I was even as a junior the kind, who tried to understand the nature of the steps. I failed many times, but I learned from them all the time. I remember my mutable public static variables, and terrible small JavaScript apps. But every time when I did something like that, I tried to understand it. I knew that I failed. Sometimes it took me a year or more (like when I first encountered React about a decade ago, I immediately knew why some of my apps failed with architecture previously).
However, I've seen developers who were in this field for decades, and they still followed just recipes without understanding them.
So, I'm not entirely sure, that the distinction is this clear. But of course, it depends how we define "senior". Senior can be developers who try to understand the underlying reasons and code for a while. But companies seem to disagree.
Btw regarding functional programming. When I first coded in Haskell, I remember that I coded in it like in a standard imperative languages. Funnily, nowadays it's the opposite: when I code in imperative languages, it looks like functional programming. I don't know when my mental model switched. But one for sure, when I refactor something, my first todo is to make the data flow as "functional" as possible, then the real refactoring. It helps a lot to prevent bugs.
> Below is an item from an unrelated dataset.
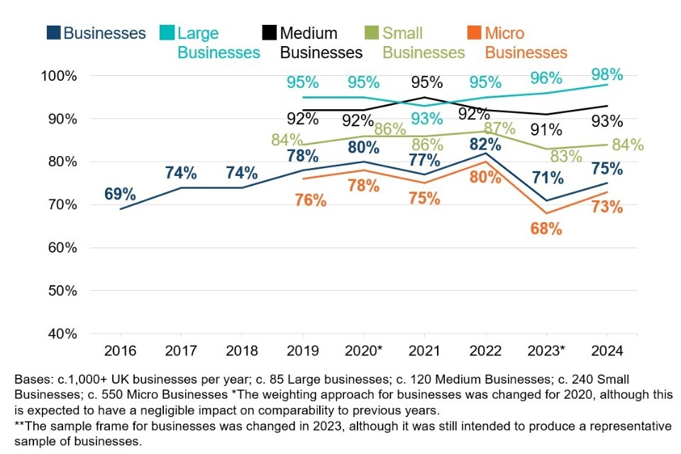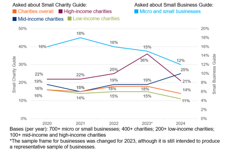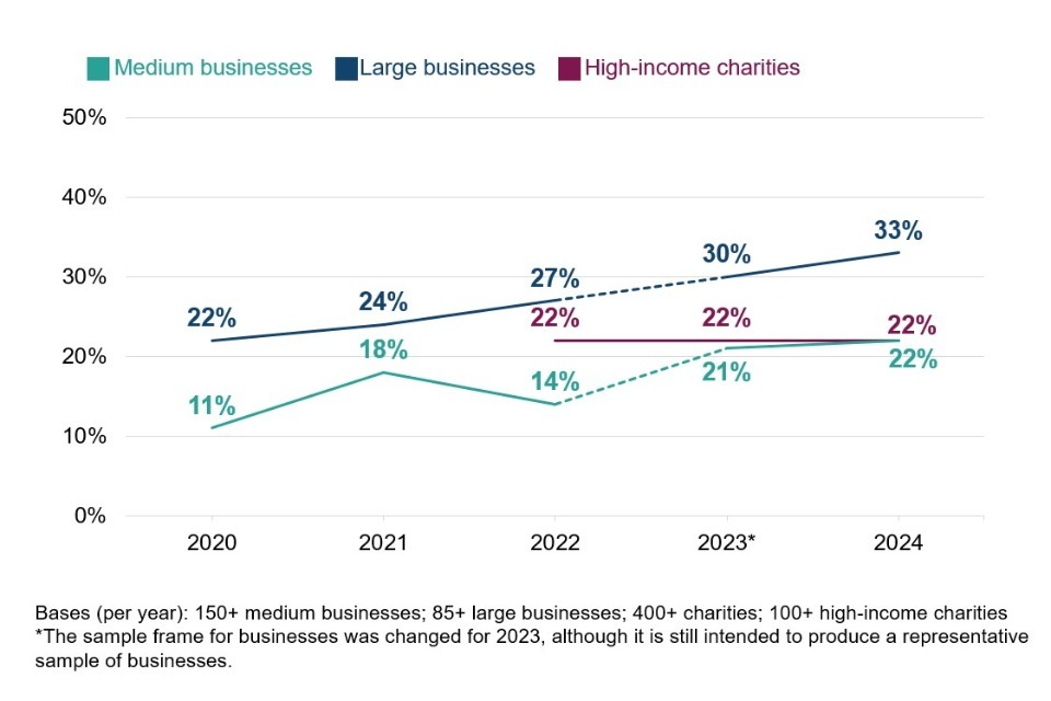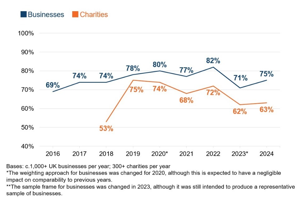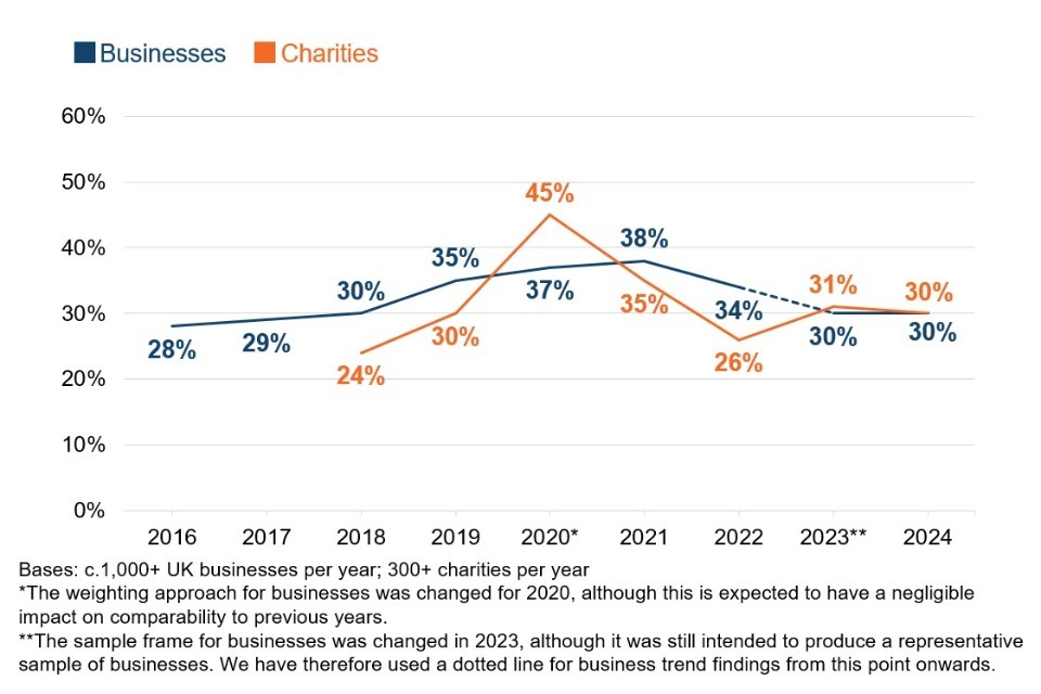 In calculating these margins of error, the design effect of the weighting has been taken into account. This lowers the effective base size used in the statistical significance testing. The overall effective base size was 1,398 for businesses (vs. 1,702 in 2023 and 816 in 2022) and 652 for charities (vs. 808 in 2023 and 267 in 2022). ↩
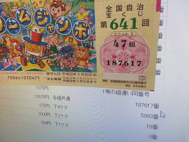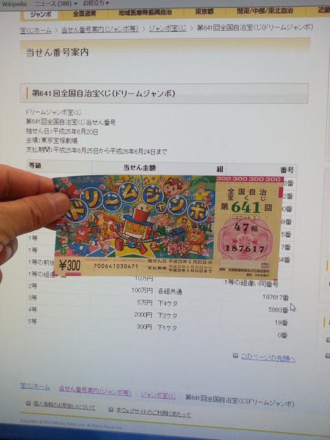 まさか・・・凄い・・・おごってくれ~! 第641回ドリームジャンボ宝くじ (2013/06/22)

What really broke my mind was Prolog. It took me a lot to be able to do anything more than simple Hello World level things, at least compared to Haskell for example.
I wouldn't really try to equate arbitrary job titles awarded based on tenure with actual expertise; titles aren't consistently applied across the industry, or awarded on conditions other than actual merit.
I had to learn Prolog for a university paper and I have to agree; out of the dozen-ish languages I've had to learn, something just didn't "click" with Prolog.
No real value is this comment, I'm just happy to share a moment over the brain-fuck that is Prolog (ironically Brainfuck made a whole lot more sense).